House Approves Tariff Resolution

Story Highlights

  • The House of Representatives on Tuesday (May 1) approved the Customs Tariff (Revision) (Amendment) Resolution 2018.
  • The Resolution repeals and replaces the first and fourth schedules to the Customs Tariff (Resolution), 1972 to accord with the World Customs Organization’s Harmonised System of classification of goods, which will assist customs administrators to monitor and control the importation and trade in goods, in Jamaica.
  • The legislation was moved by Minister of Finance and the Public Service, Dr. the Hon Nigel Clarke.

The House of Representatives on Tuesday (May 1) approved the Customs Tariff (Revision) (Amendment) Resolution 2018.

The Resolution repeals and replaces the first and fourth schedules to the Customs Tariff (Resolution), 1972 to accord with the World Customs Organization’s Harmonised System of classification of goods, which will assist customs administrators to monitor and control the importation and trade in goods, in Jamaica.

The legislation was moved by Minister of Finance and the Public Service, Dr. the Hon Nigel Clarke.

In his remarks, Dr. Clarke noted that the approved resolution will give effect to the implementation of the revised common external tariff, based on the 2017 Harmonised System of classifications.

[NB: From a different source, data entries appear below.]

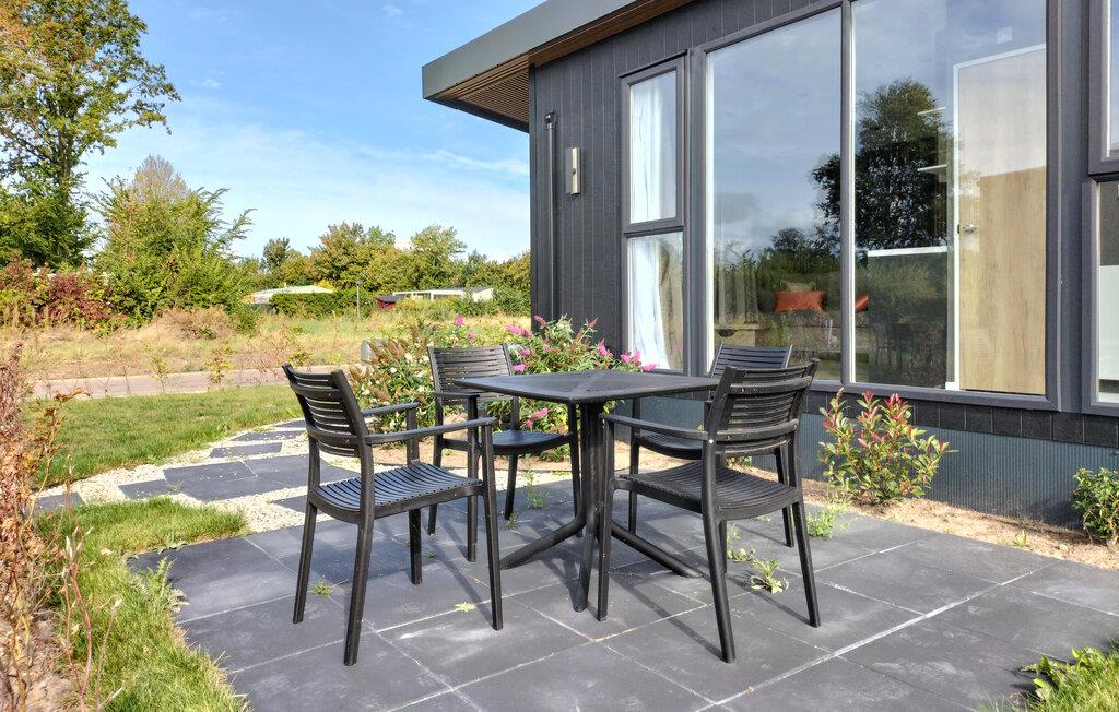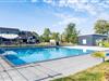 Genießen Sie im Garten des Ferienhauses in vollen Zügen die Sonne und die pure Urlaubsentspannung. Erfrischen Sie sich im gemeinsam genutzten Pool und lassen Sie den Tag mit Getränken im Freien ausklingen.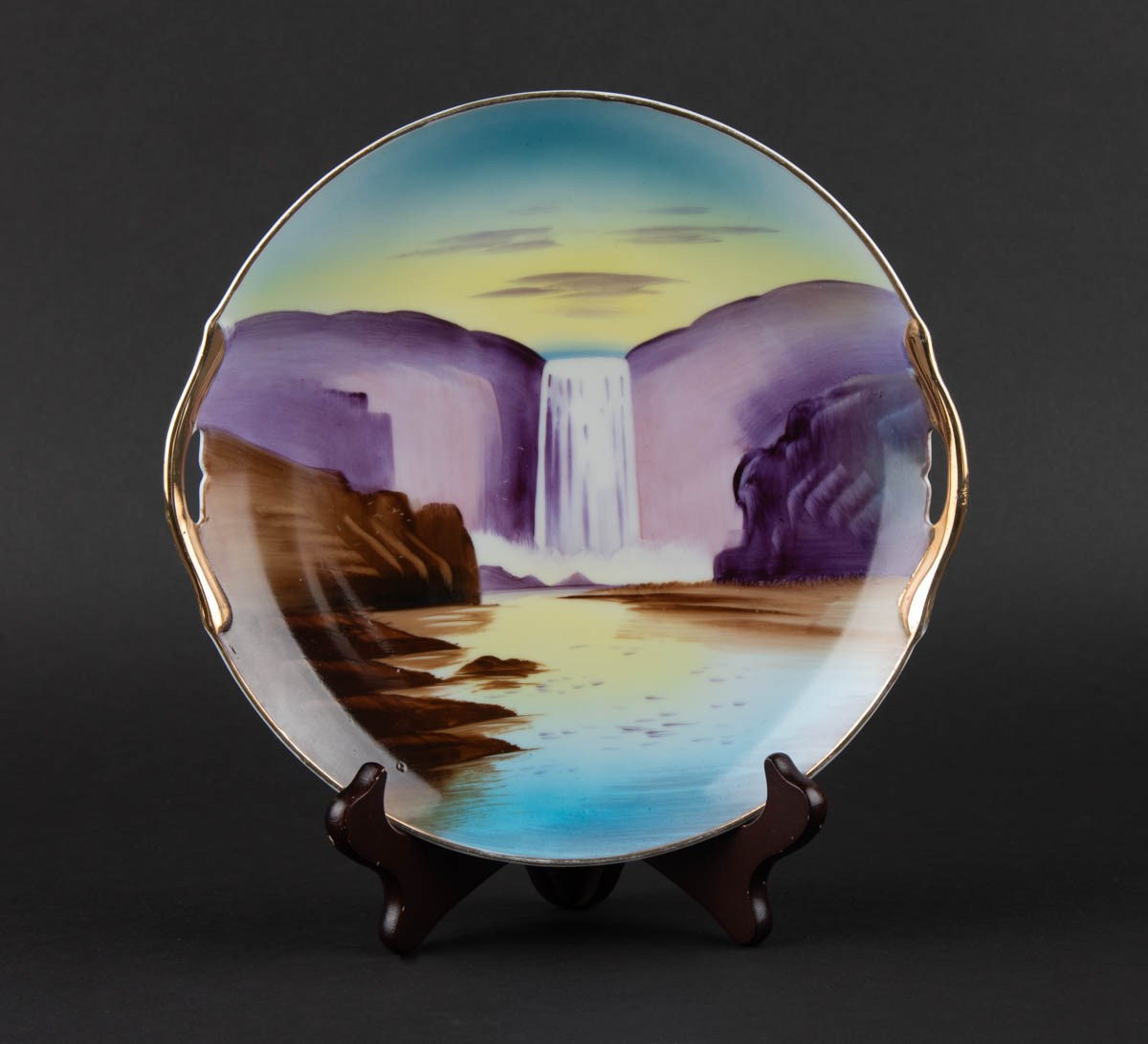 Skógafoss - handmálaður diskur/platti - Postulín - Merkt. 23 x 24 cm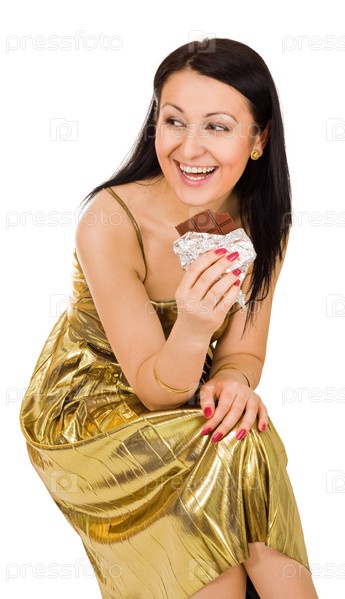 Женщина ест шоколад, улыбается и смотрит в сторону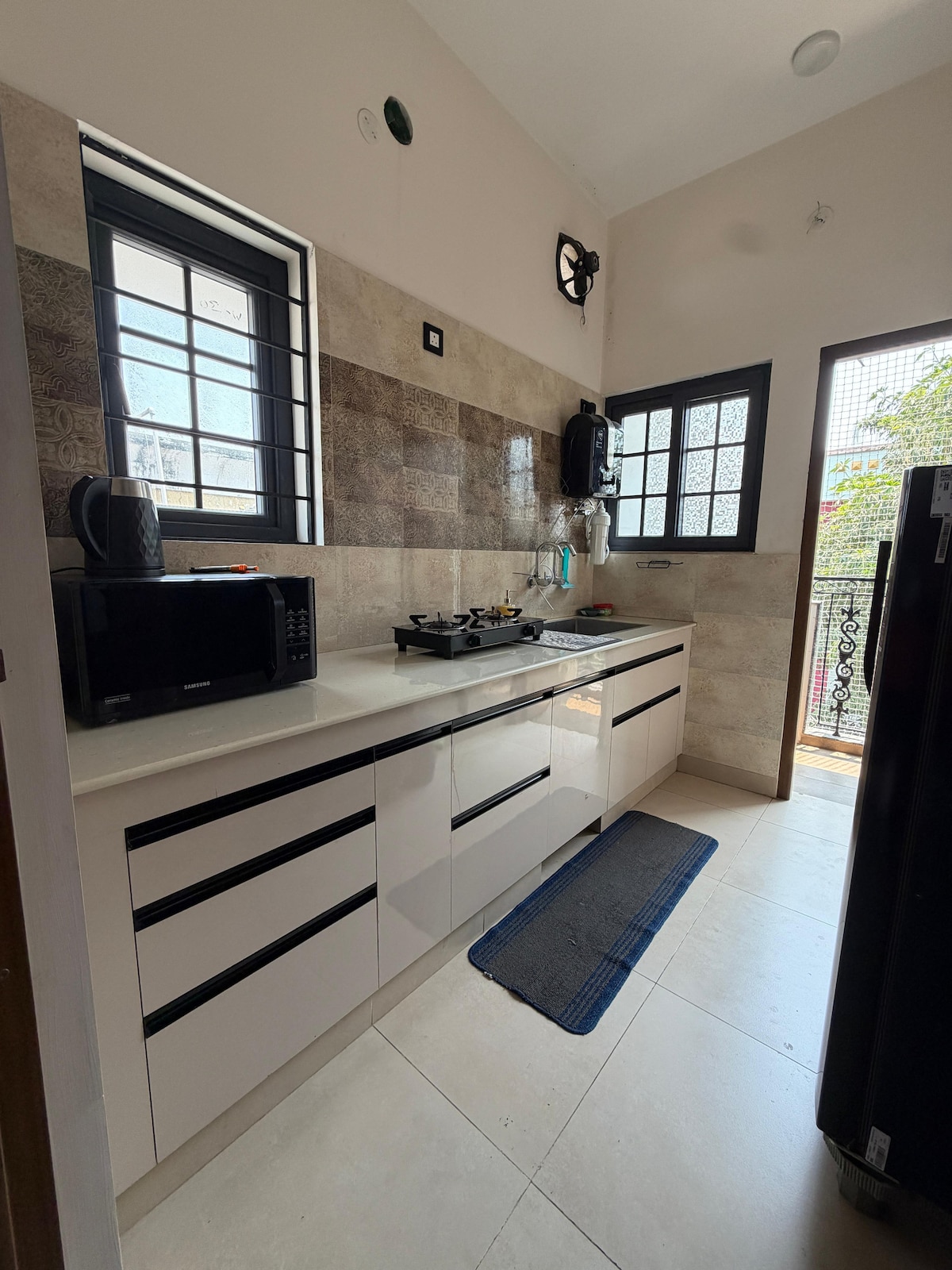 This approx. 210 sq.ft. studio is ideal for a young working couple or a single adult who is not looking to cook lavishly, for e.g. make their daily cuppa, some light breakfast and an even lighter dinner. There's a spacious fridge available inside the room. This home is about 12 m away from the building gate and situated at the NW corner of the parking lot. It's independent with a biometric enabled lock to enable self check-in.

“The Harmonised System is a World Custom Organization’s international multipurpose product nomenclature used as the basis for the customs tariff and the collection of international trade statistics,” he stated.

Dr. Clarke noted that the World Customs Organization is responsible for the Harmonised System, and revises the system at regular intervals to ensure that it reflects changes in technology or in patterns of international trade.

He explained that Jamaica, being a member of CARICOM, is required to adopt amendments to the Common External Tariff (CET), based on the new 2017 harmonisation.

“The CARICOM Secretariat requested member states to implement the revised CET based on the new 2017 Harmonised System effective January 1, 2018. However, Jamaica only received the final draft of the document from CARICOM on March 16, 2018, and a commitment was made to implement the Harmonised System by May,” the Finance Minister said.

“The delay in implementing the Harmonised System is because of further consolations that had to be undertaken between Jamaica and the CARICOM Secretariat as well as other internal stakeholders. The Resolution that has been brought before the House provides for the replacement of the current CET based on the 2012 Harmonised System, with the revised CET based on the 2017 Harmonised System,” he added.

Dr Clarke explained that the latest version of the Harmonised System contains approximately 233 amendments in response to changes in the following sectors: agriculture, chemical, wood, textile, base metal, machinery and transport.

These amendments, he said, were largely driven by changes to trade patterns and practices, technological progress, the necessity to clarify text to ensure uniform interpretation and the need to make provisions for specific social and environmental developments.

“This House is invited to note that the amendments are not to impose higher tariffs but rather to facilitate the deletion of a number of headings, the merger of some as well as the creation/restructuring of new subheadings,” Dr. Clarke said.

He added that Jamaica remains committed to honouring obligations under CARICOM, to which the country is a signatory.